School A 3/5

What did the researchers say?
Participant 2: It’s unclourpredictable.

Participant 3: My eye was inside my brain basically.

Participant 3: It sounded like a movie.

Participant 4: I just picked up some colours and I felt like doing them…I don’t know why I did that.

What did the researchers make?
 

     

Pic 1-4: During the music workshops, students were asked to divide up their page and draw an image linking to each of 4 pieces of music. Some children drew scenes from their imagination, others created abstract and colourful patterns and several associated the music with a film they knew and drew scenes form the film. By using films, students were not necessarily expressing how the music made them feel but what feelings they associated with the film.

 

Pic 5-6: Students started to experiment with pressure and discussed the relationship between and emotion they felt and the pressure they used to create a drawing or make a mark; students commented that pushing harder on the paper could represent ‘harder’ emotions like anger and frustration.

Pic 7: Emojis were used again, but this time children started to create their own, considering features on the faces. Pic 7 shows ‘anger’ as having a straight mouth consistently, but their are variations in the ‘anger emoji’ created.

          

Pic 8: The researcher started to write down words or phrases to represent an emotion such as ‘shush’ and ‘idiot’, associating anger with a specific individual and/or behaviour.

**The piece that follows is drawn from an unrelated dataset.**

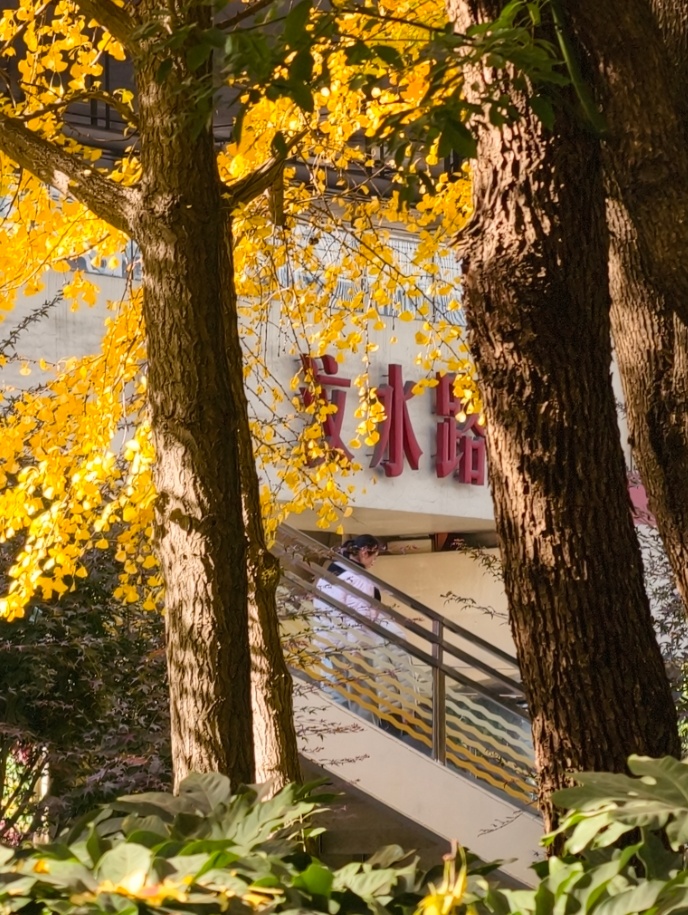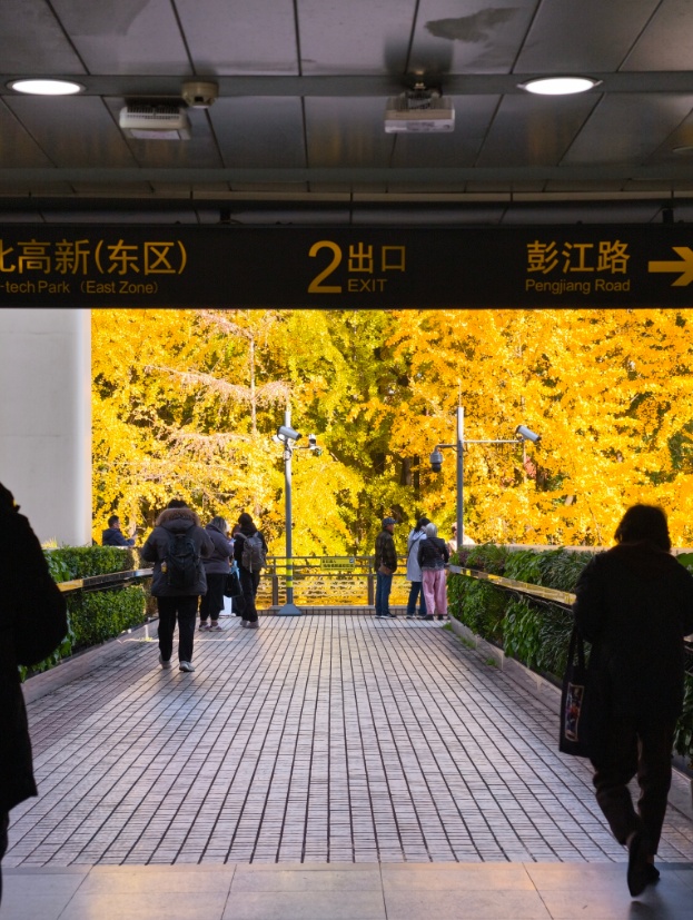 值得注意的是,2号出口处的人行天桥成为天然的“观景台”,巧妙缩小了人与树木的高度差,让市民游客能轻松与银杏“同框”。在站台候车时,窗外掠过的金色树影;或是在出口通道内回望,框出一幅生动的秋景画,都成了无需刻意寻找的美丽邂逅。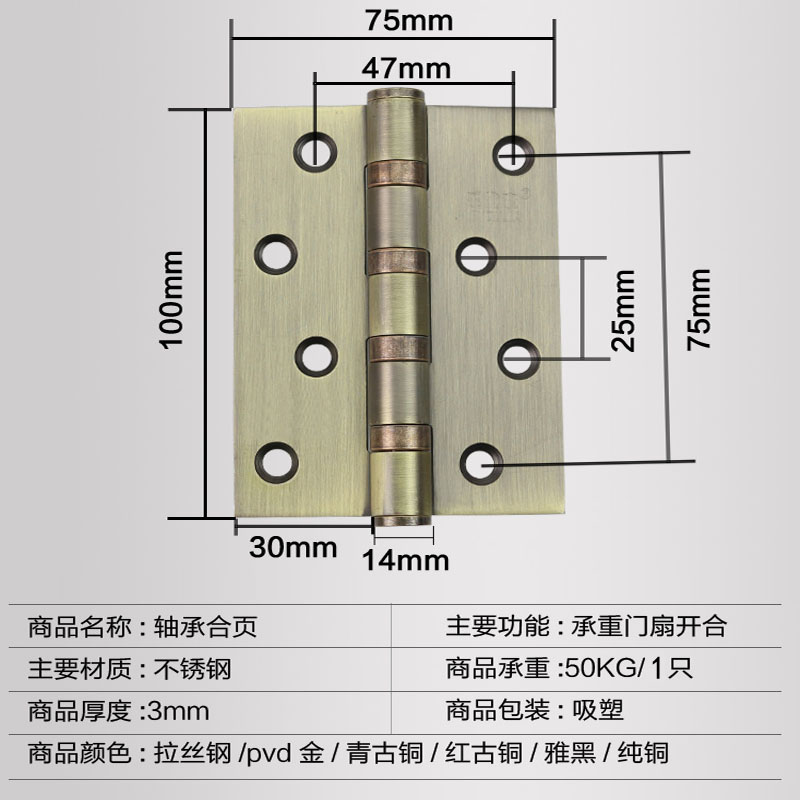 Black 304D stainless steel flat open hinge 4 inch bearing loose-leaf 5 inch room door folding page wooden door hinge five gold accessories

Pic 9-10: Researchers decided to explore how to help others with negative emotions; they changed their focus from communicating emotions to thinking about how to ‘solve’ or help children to regulate emotions. Two students decided to incorporate a sensory strategy to support others – one used sandpaper and another used sequins, explaining that they thought a wellbeing tool should offer students helpful solutions to calm them down as well as strategies to communicate.

Reflection: Key observations and findings
 1. Researchers independently decided to develop the research tool to provide some ‘solution’ for children who need to regulate emotions and used sensory materials to achieve this.

2. Researchers made associations between emotions and films, drawing characters they did or did not like, characterising objects and people as good or bad characters, such as villains or popular protagonists (Burkitt & Barrett, 2010).

3. Researchers started to relate an emotion to an experience or person, creating dialogue within a scenario to communicate a response/emotion.

4. Researchers explored pressure and made connections between mark making and emotions, varying line heaviness (Ives, 1984). 

5. Researchers began exploring emojis and creating subtle variations of emojis.